If I know ahead of time, I won’t go out of my way to a party that’s charging to stand in the shared space of a two-bedroom apartment. But sometimes they surprise you at the door with a Political Science major demanding a tax to get through the door (they must be on the oligarchy unit in class). And so begins the standoff: casing the party as best you can from the other side of the security guard. He’s also on the intramural rugby team so he has wide shoulders.

Alone, I am perfectly content to turn around and find something else to keep myself occupied for the night. My paint chips need to be counted, after all. But with a group it becomes a democratic issue. All cast their votes and must go with the majority. My personal convictions won’t sway the majority. Instead I will be cast out, alone in a lifeboat for my attempt at a mutiny.

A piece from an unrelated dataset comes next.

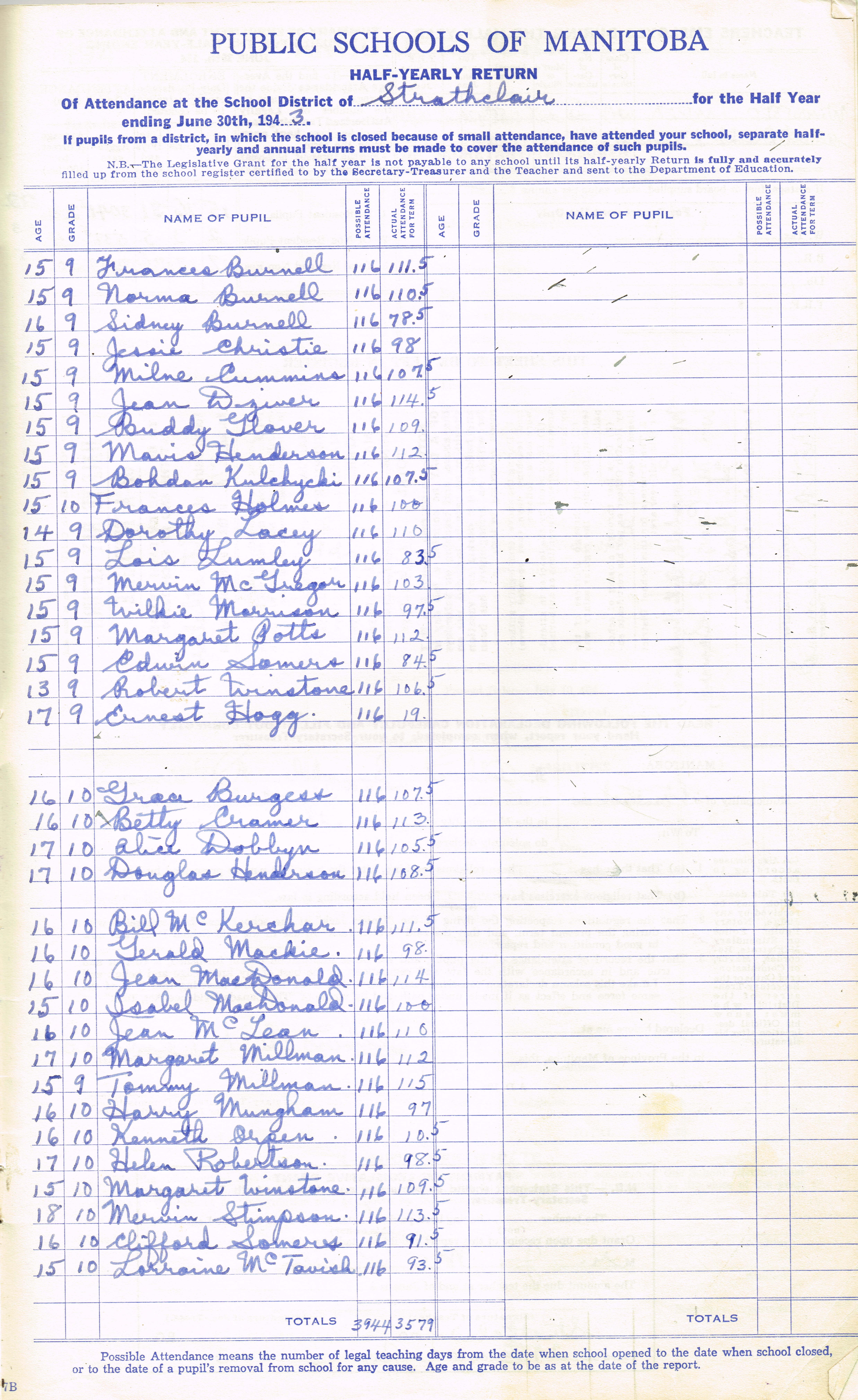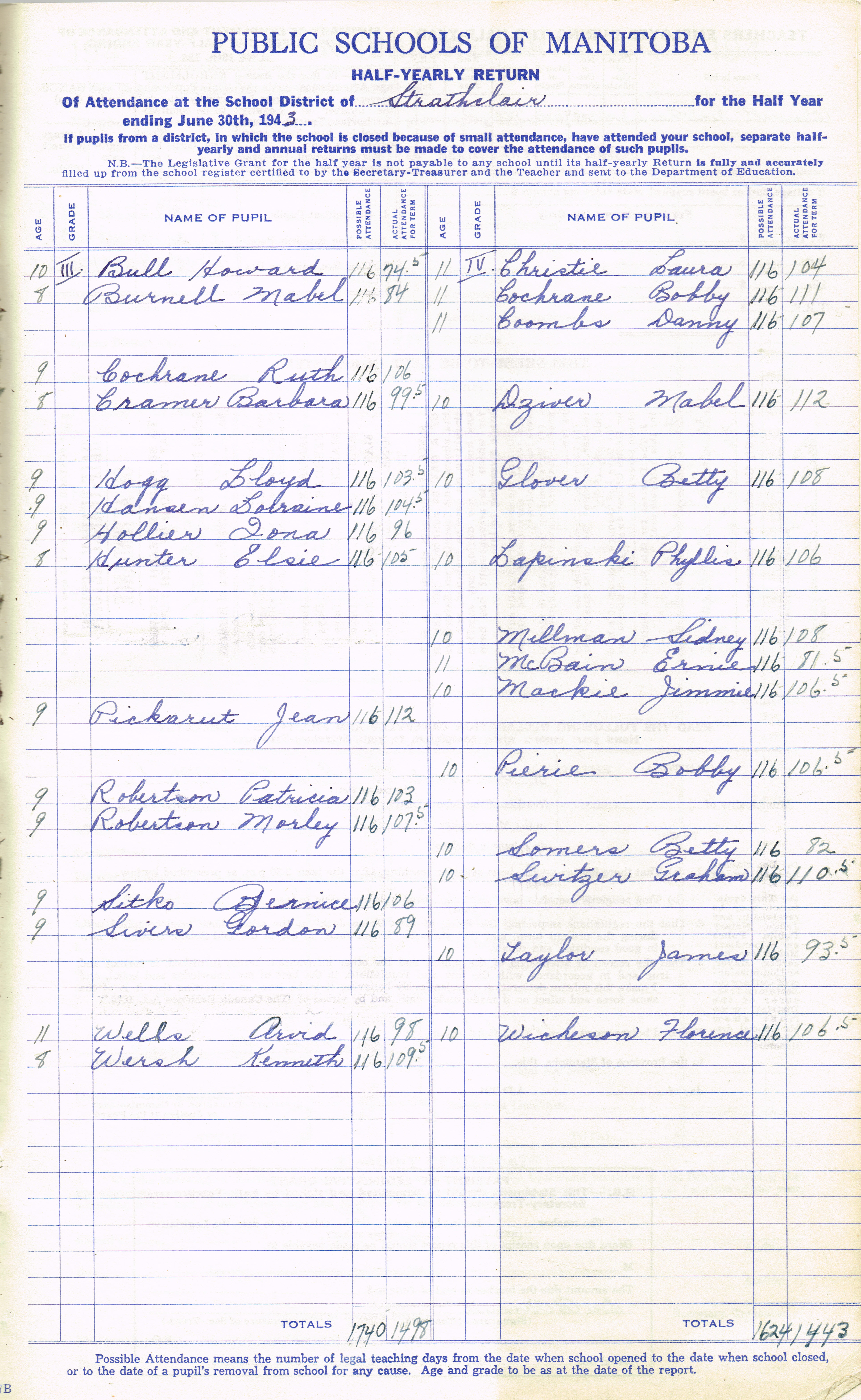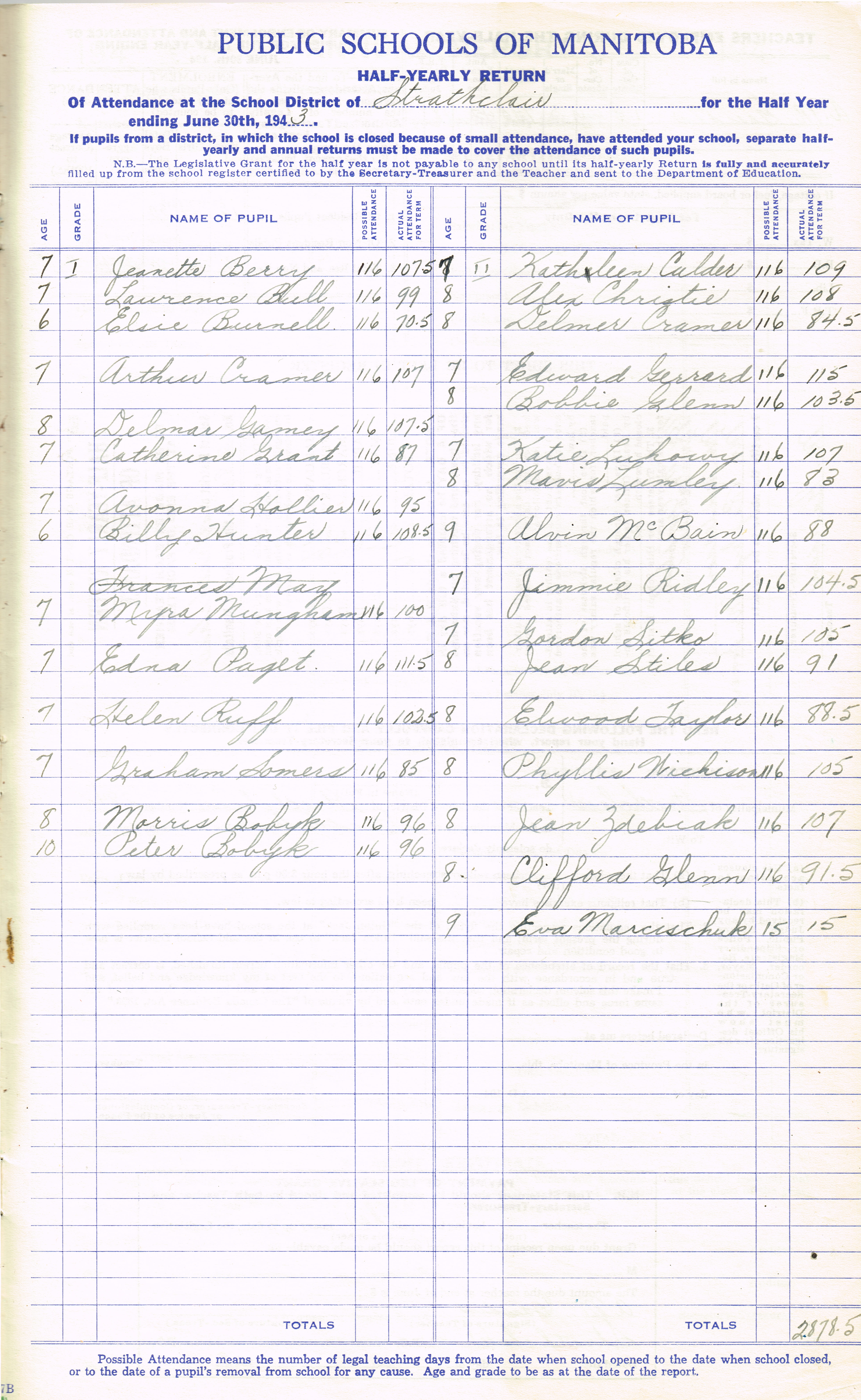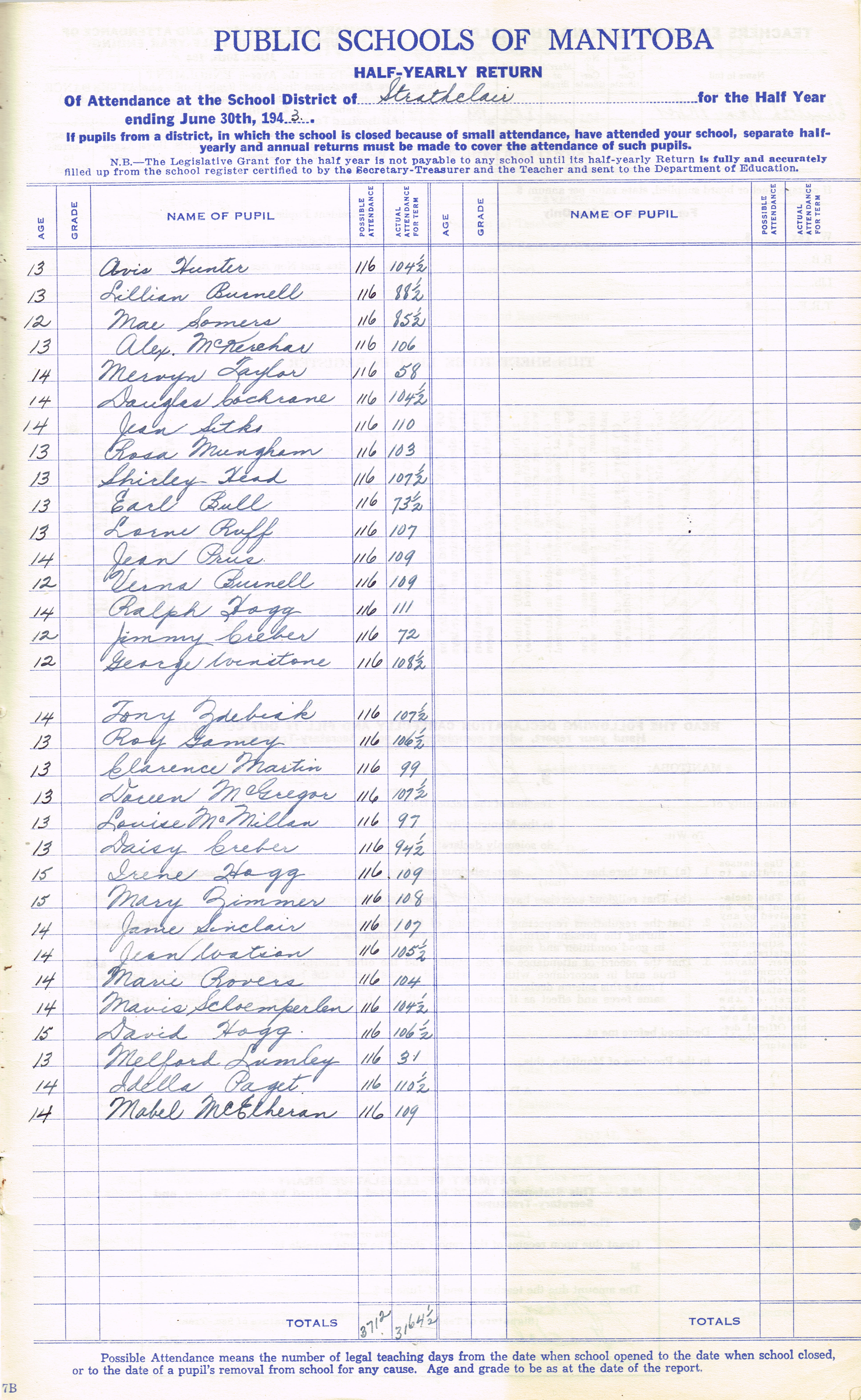 Object Name Strathclair Consol. Sch. #284, 1942-43

The most recent instance of a party like this was a birthday celebration that a roommate of a friend had heard about. We’re stopped by a throng of girls in lingerie: the entry fee is five dollars. I wish they’d told me about the theme beforehand. I love their outfits.

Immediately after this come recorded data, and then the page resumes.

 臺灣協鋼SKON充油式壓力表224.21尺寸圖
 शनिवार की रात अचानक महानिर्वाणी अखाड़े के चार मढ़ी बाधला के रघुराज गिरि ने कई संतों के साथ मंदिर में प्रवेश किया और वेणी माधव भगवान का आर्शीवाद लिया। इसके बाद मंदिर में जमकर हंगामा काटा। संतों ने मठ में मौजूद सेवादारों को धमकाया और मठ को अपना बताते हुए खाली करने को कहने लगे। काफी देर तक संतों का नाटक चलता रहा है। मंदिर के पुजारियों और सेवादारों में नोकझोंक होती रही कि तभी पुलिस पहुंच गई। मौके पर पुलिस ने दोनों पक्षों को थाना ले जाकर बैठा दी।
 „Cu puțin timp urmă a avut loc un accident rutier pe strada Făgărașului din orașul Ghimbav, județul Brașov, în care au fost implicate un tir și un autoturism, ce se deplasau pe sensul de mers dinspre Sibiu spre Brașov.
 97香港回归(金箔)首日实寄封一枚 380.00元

The flattery doesn’t work. I still need to pay the full five dollars. I’m alright with my night ending early. As I bid my friends goodbye on the stoop, one of the door girls says “And don’t forget to say Happy Birthday to the birthday girl!” My friends nod. They’ll be on the lookout for this mystery woman. They needn’t look far. She steps forward from the other bouncers. I didn’t expect it to be her– nobody of sound mind would choose to work the door at their own birthday party. And the entrance fees were slipped into a different person’s bra. She wasn’t making any money off of this venture anyway.

What kind of person wants to forgo a party itself and do the grunt work job people are normally relegated to as a punishment? Let’s not forget that it’s the pledges that have to work these jobs for the first year of their miserable descent into fraternity life. I think it’s born from a craving for power: the feel of money being exchanged between hands, the excitement on their faces when you let them up, the whole time thinking “These people are here to see me.” (well, not actually. Something you created: a space to gather by moving a couch with the impeccable ambience of purple LED lighting).

It’s a little bit like a pyramid scheme: get a lot of paying customers who bring other customers. The people who get in early get to experience what little amenities were bought with the profits from the last party, and the poor saps who bought in late just get to say that they were a part of something bigger than themselves, at least. Who cares! They’re at the bottom of the pyramid!